One of the most important indicators of biodiversity in ecosystems is plant species richness. This 
indicator can be measured in hyperspectral images considering the Spectral Variation Hypothesis (SVH) 
proposed in [1], SVH states that spectral heterogeneity is related to spatial heterogeneity and thus to 
species richness. Subsequent efforts to validate SVH can be found in [2,3]. This paper aims to capture 
spectral heterogeneity by means of hierarchical agglomerative clustering and then use the result for 
prediction of plant species richness. The information of heterogeneity can be used to compute 
entropies like Shannon, Gini-Simpson or Renyi among others [4]; in this study, Shannon entropy is 
chosen, given that it is commonly used in biodiversity. There are other studies that try to capture plant 
diversity starting from spectral heterogeneity as in [5,6], these studies estimate the spectral variability 
using the radius of hyperspectral clusters, this variability is related to the alpha diversity [4], a measure 
of the biological diversity of a particular community, habitat or sampling unit. 

The main contribution of this paper is the focus on proportional abundances that entropy indexes 
can capture which are more meaningful than species richness alone. It also evaluates the use of 
hierarchical clustering to assess biodiversity and the use of spectral unmixing to improve results. 

This paper is organized as follows: Section 2 gives a brief theoretical background. Section 3 
explains the methodology used to process hyperspectral imagery. Section 4 explains the details of 
experiments and gives the results. Section 5 discusses the experimental results. Section 6 presents 
the conclusions. 

2. Theoretical Background 

2.1. Hierarchical Clustering 

The goal of Hierarchical Clustering is to build a hierarchy of clusters, a cluster tree. There are two 
main approaches to build a hierarchy of clusters: Agglomerative and divisive.
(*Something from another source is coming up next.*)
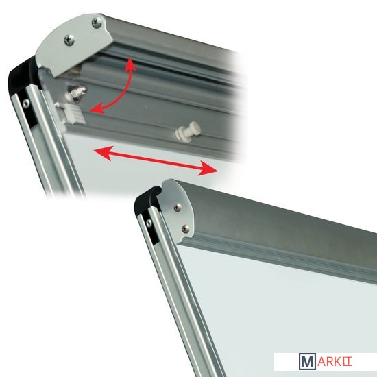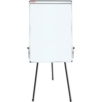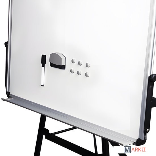 Белое лаковое покрытие предназначено для письма специальными маркерами для белой доски. Размер доски – 100х70 см. Регулируется по высоте до 185 см. Устанавливается на треноге. Металлическая поверхность позволяет размещать объявления при помощи магнитов. Блокнот крепится при помощи неподвижных винтов. Идет в комплекте с лотком для аксессуаров, маркером, стирателем и 4 магнитами. Для защиты рабочей поверхности доски на нее нанесена защитная пленка. Перед началом работы необходимо удалить защитную пленку.

The former approach is 
used in this work. Hierarchical Agglomerative Clustering (HAC) is a "bottom up" approach in which, 
at first, each observation constitutes its own cluster; then, pairs of clusters are merged successively, 
generating the hierarchy, until there is just one cluster left. HAC needs two concepts to carry out the 
process: a metric (distance) and a linkage [7]. The metric measures the dissimilarity between pairs of 
observations. The linkage measures the dissimilarity between clusters as a function of the pairwise 
distances of observations in compared clusters. HAC can work directly with the dissimilarity matrix, a 
representation just in terms of dissimilarity between pairs of objects. The dissimilarity matrix is an nxn 
matrix D, where n is the number of observations. An entry d y in D represents the dissimilarity between 
the zth and jth observations. In subsequent sections the notation used considers x or y as individual 
observations, more specifically, pixels; and X or Y as groups (clusters) of pixels.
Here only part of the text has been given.